Des médias iraniens identifiés au régime de Téhéran ont publié aujourd’hui (vendredi) des images qui, selon eux, montrent des appareils volants des États-Unis et d’Israël abattus grâce au nouveau système de défense aérienne des forces aérospatiales des Gardiens de la révolution. Les images ont notamment été diffusées par l’agence de presse Mizan, identifiée au système judiciaire iranien, mais aucun détail supplémentaire n’a été communiqué et aucune vérification indépendante des affirmations n’a été publiée à ce stade. Ni les autorités américaines ni les autorités israéliennes n’ont réagi officiellement à ces allégations.

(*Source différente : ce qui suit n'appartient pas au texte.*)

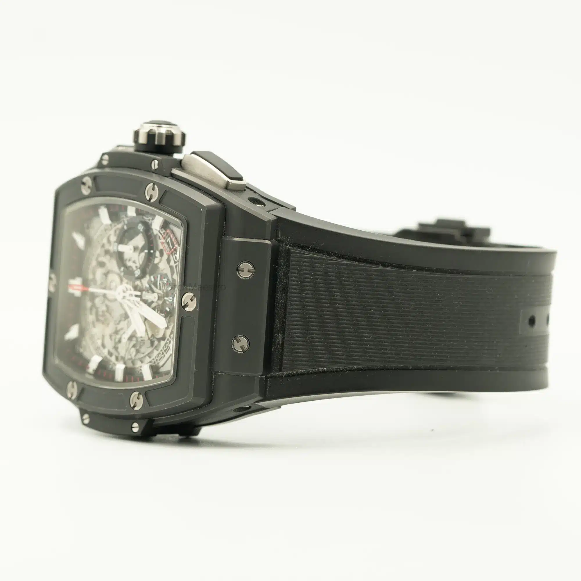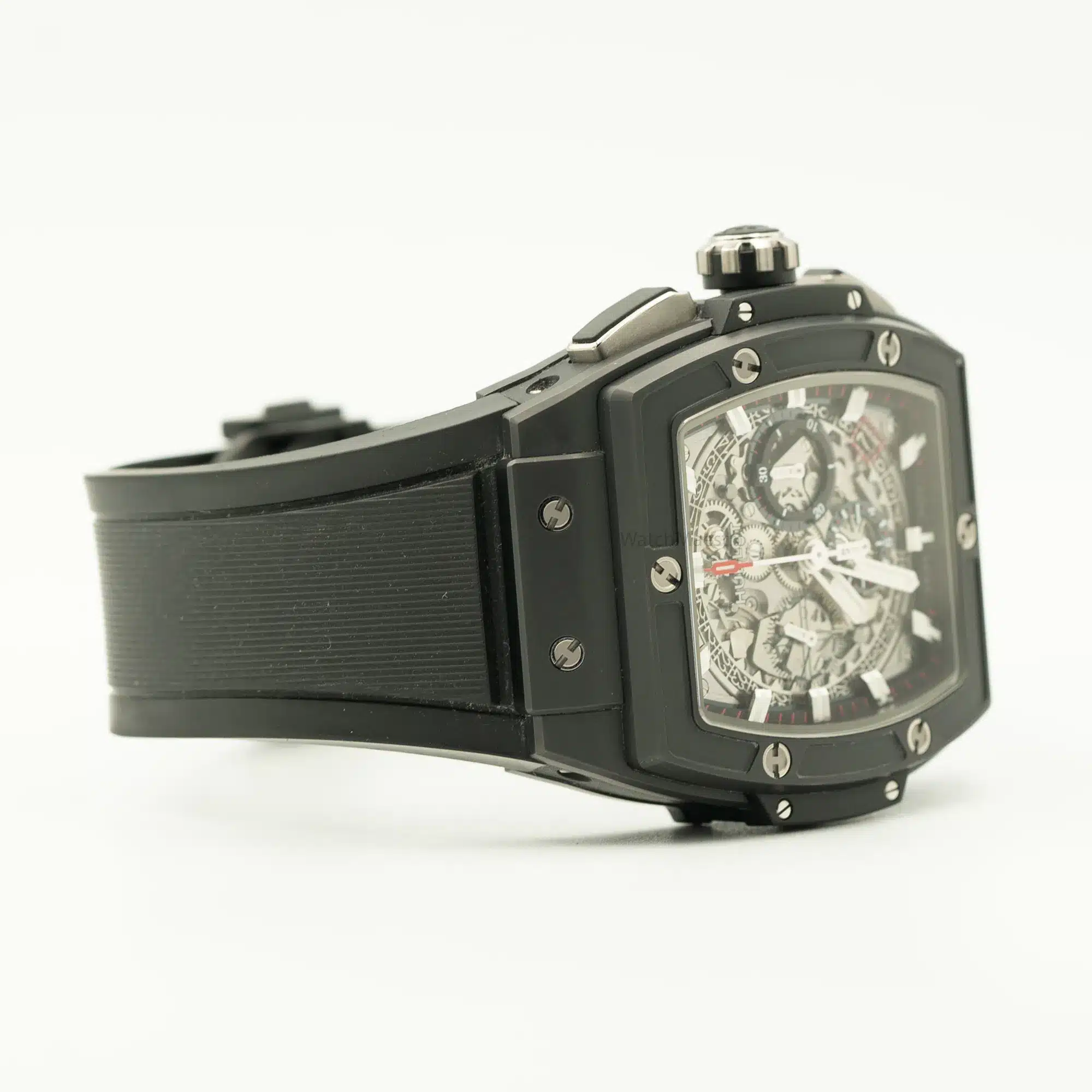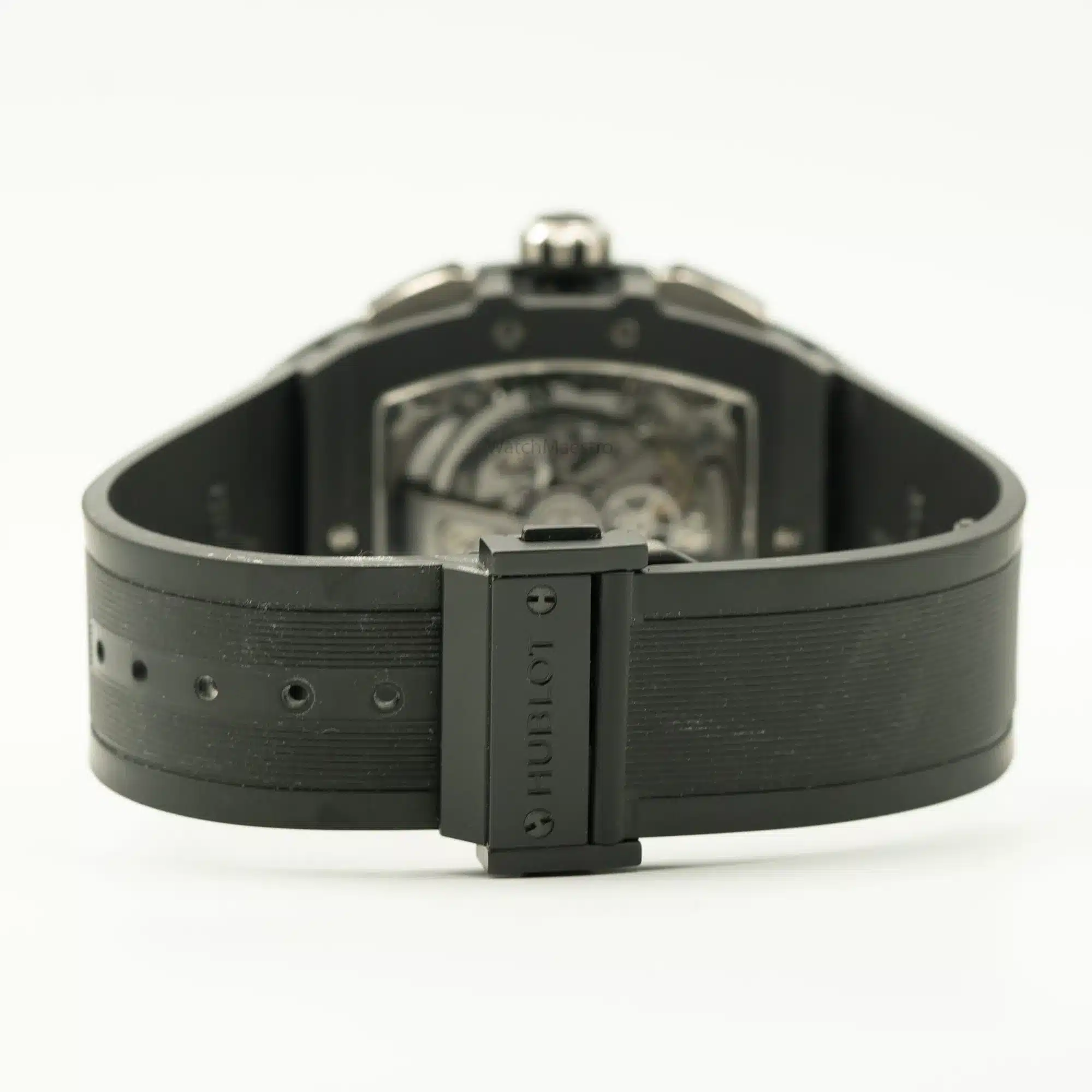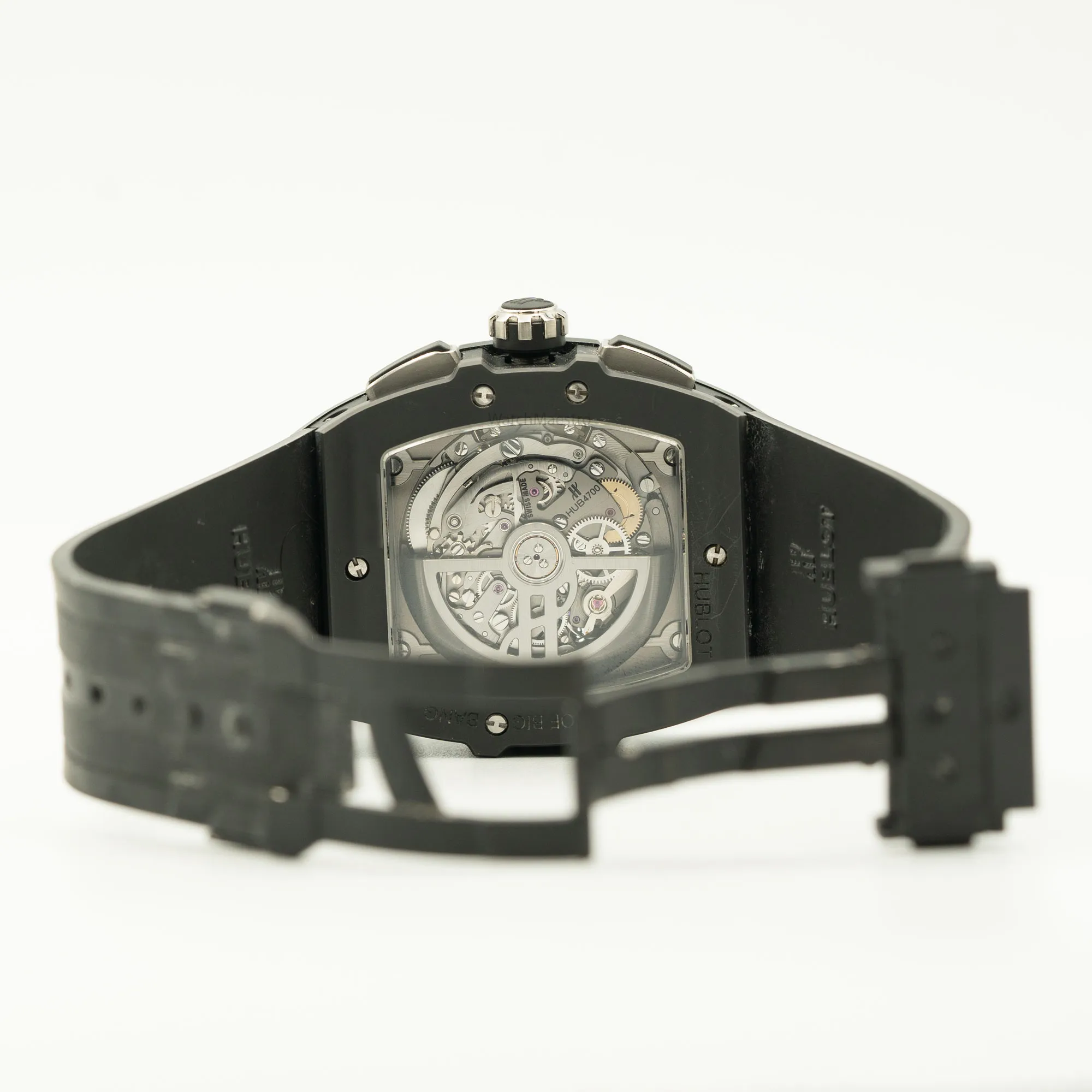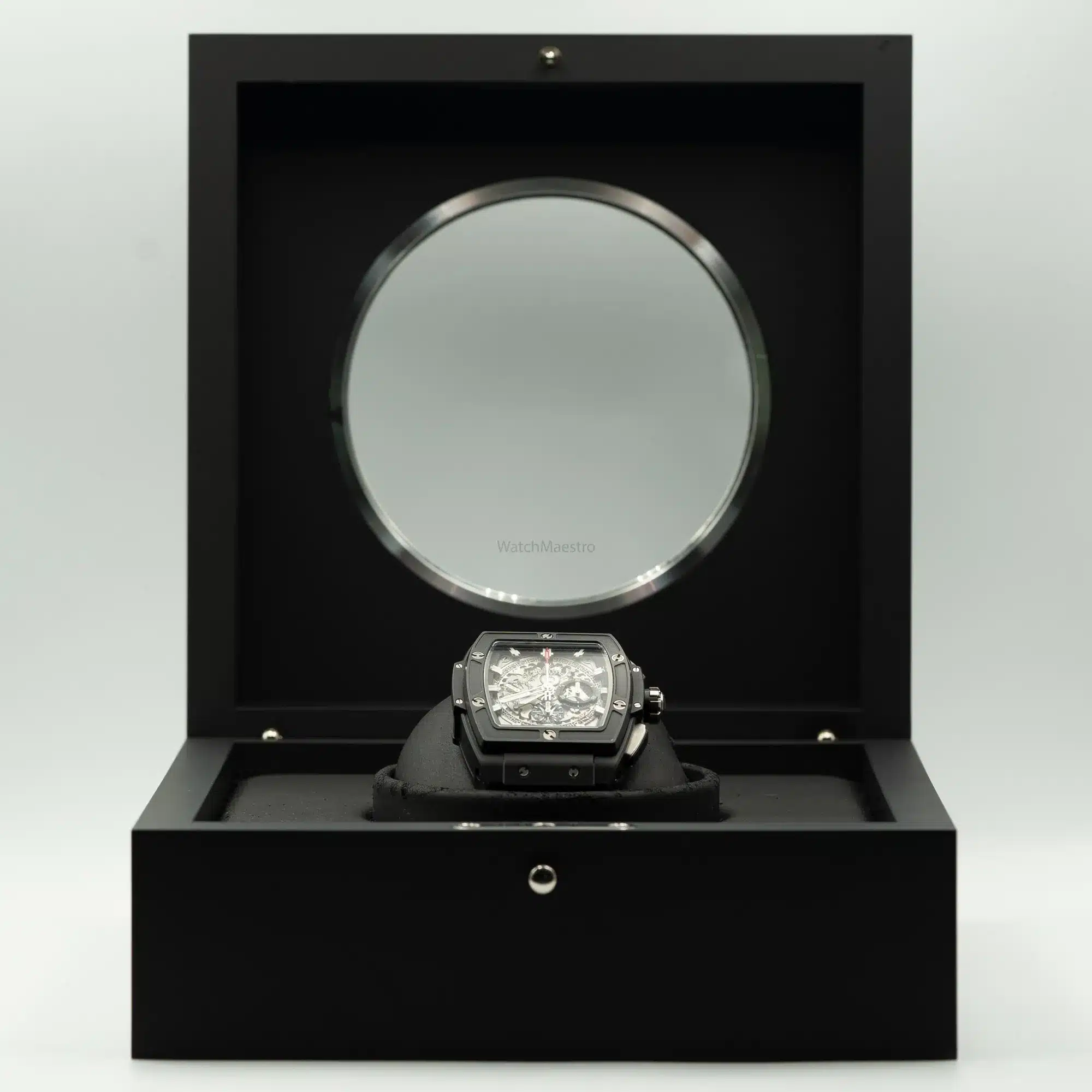 This is a pre-owned Hublot Spirit of Big Bang Black Magic. Purchased in 2019, the watch comes complete with box and papers, and it is still in excellent condition. The timepiece features a 42mm skeleton dial, which is much appreciated by watch enthusiasts. Featuring a Black Ceramic case, sapphire crystal and ceramic bezel, the watch manages to stand out.

Ce type d’annonce n’est pas inédit de la part de Téhéran. Depuis le début du conflit ouvert entre l’Iran d’un côté, et les États-Unis et Israël de l’autre, fin février 2026, les médias officiels iraniens ont revendiqué à de multiples reprises la destruction de drones américains et israéliens, sans que ces affirmations soient toujours vérifiables de manière indépendante. Des sources open source avaient notamment mis en doute par le passé certaines de ces revendications, suggérant que des débris présentés comme appartenant à des drones américains correspondaient en réalité à des appareils d’autres origines.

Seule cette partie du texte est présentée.